There is no doubt that economic uncertainty leads to low investments and low borrowing. There is also no doubt that mortgage-based-securities are partially responsible for this uncertainty, although the rising price of oil plays an important role as well. But, as Keynes pointed out during the Great Depression, nobody knows how to restore lenders and investors’ confidence once it has been lost. And, in all likelihood, passing the mortgage backed securities to the government will decrease, not increase, this confidence.

If the government acquires these securities, it will be left to a government employee (or, more likely, to a private contractor) to decide when “the price is right” to sell them. But the volume of these securities is fantastically large, and nobody knows how to price them anyway. The effect on financial markets will be colossal. Business schools will start teaching new courses devoted to predicting the behavior of this bureaucrat. New financial instruments will be invented to take advantage of this new "expertise." The government employee herself will either succumb, or be accused of succumbing, to an overwhelming temptation to sell the old-new securities for prices that will benefit those closest to her. The calls to regulate the new-new securities and to monitor the government employee in charge of selling the old-new securities will be deafening. The level of economic uncertainty will increase many times over, and unemployment will increase along with it.

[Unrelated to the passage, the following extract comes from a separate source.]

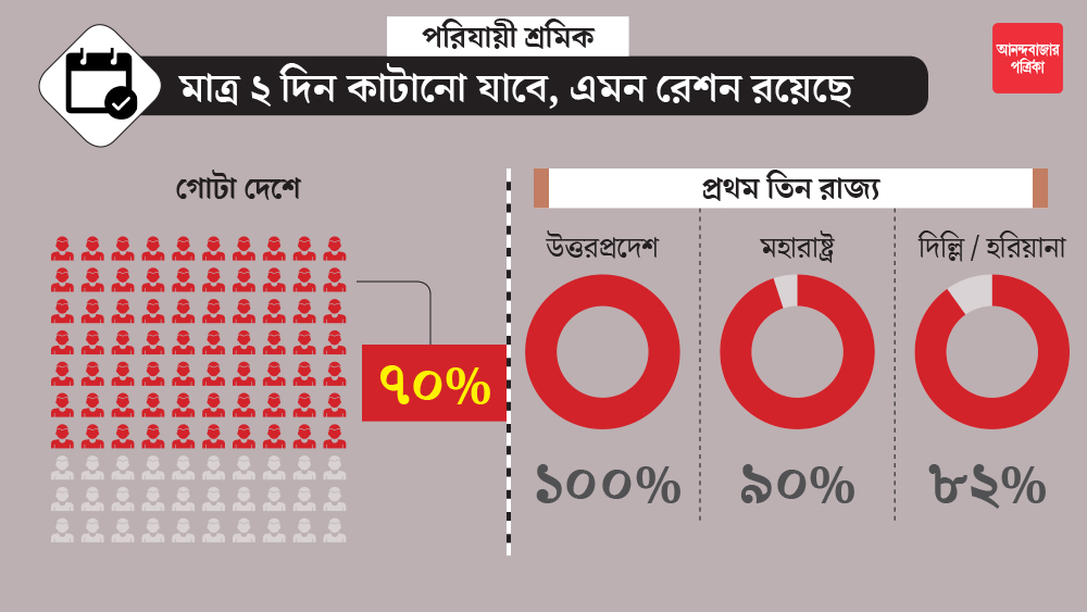 এই পরিযায়ী শ্রমিকেরা সরকারের তরফেও নিরাশ হয়েছেন। দেশ জুড়ে সমীক্ষা করা ওই শ্রমিকদের মধ্যে ৭০ শতাংশই জানিয়েছেন, রেশন থেকে যা খাদ্যসামগ্রী পেয়েছিলেন, তাতে মাত্র দু’দিন চলে। এ ক্ষেত্রেও যোগী আদিত্যনাথ সরকারের রাজ্য উত্তরপ্রদেশের পরিযায়ী শ্রমিকদের শোচনীয় অবস্থা। সমীক্ষার আওতায় থাকা শ্রমিকদের সকলেই একই দশা অর্থাৎ দু’দিনের রেশন রয়েছে তাঁদের কাছে। মহারাষ্ট্রের পরিযায়ী শ্রমিকদের মধ্যে সমীক্ষার আওতায় থাকা ৯০ শতাংশেরও একই অবস্থা। অন্য দিকে, দিল্লি ও হরিয়ানার ক্ষেত্রে এই সংখ্যাটা ঠেকেছে ৮২ শতাংশে।

What Keynes also pointed out during the Great Depression is that the government can increase employment by hiring workers itself. To press his argument Keynes suggested that the government could always hire half the unemployed to dig ditches and the other half to fill them up. But thanks to long years of neglect by the government, there are many government services that Main Street actually desperately needs: More teachers and better school lunches; more public transportation; more public universities with better facilities; more nurses and doctors and more medicinal drugs; more nursing homes for elderly people and more parks for the young; more housing for workers and more childcare for their children. And, Keynes explained, once the government starts using its power to stabilize employment and to increase its citizens? standard of living, there is no doubt that the economic horizon will clear and private lending and investment will rebound as well.

Normally, this would be the point at which the reader would ask: "But how do we pay for all this?" But not today. First, the government can use the money that the President and Congress want to give to Wall Street. In addition, it is now clear that executive compensation is not a just reward. It can and should be taxed, heavily, and perhaps even retroactively.

Trickle down solutions to free market problems have had more than a fair chance. The only way that the government can perform its job is to work for Main Street directly.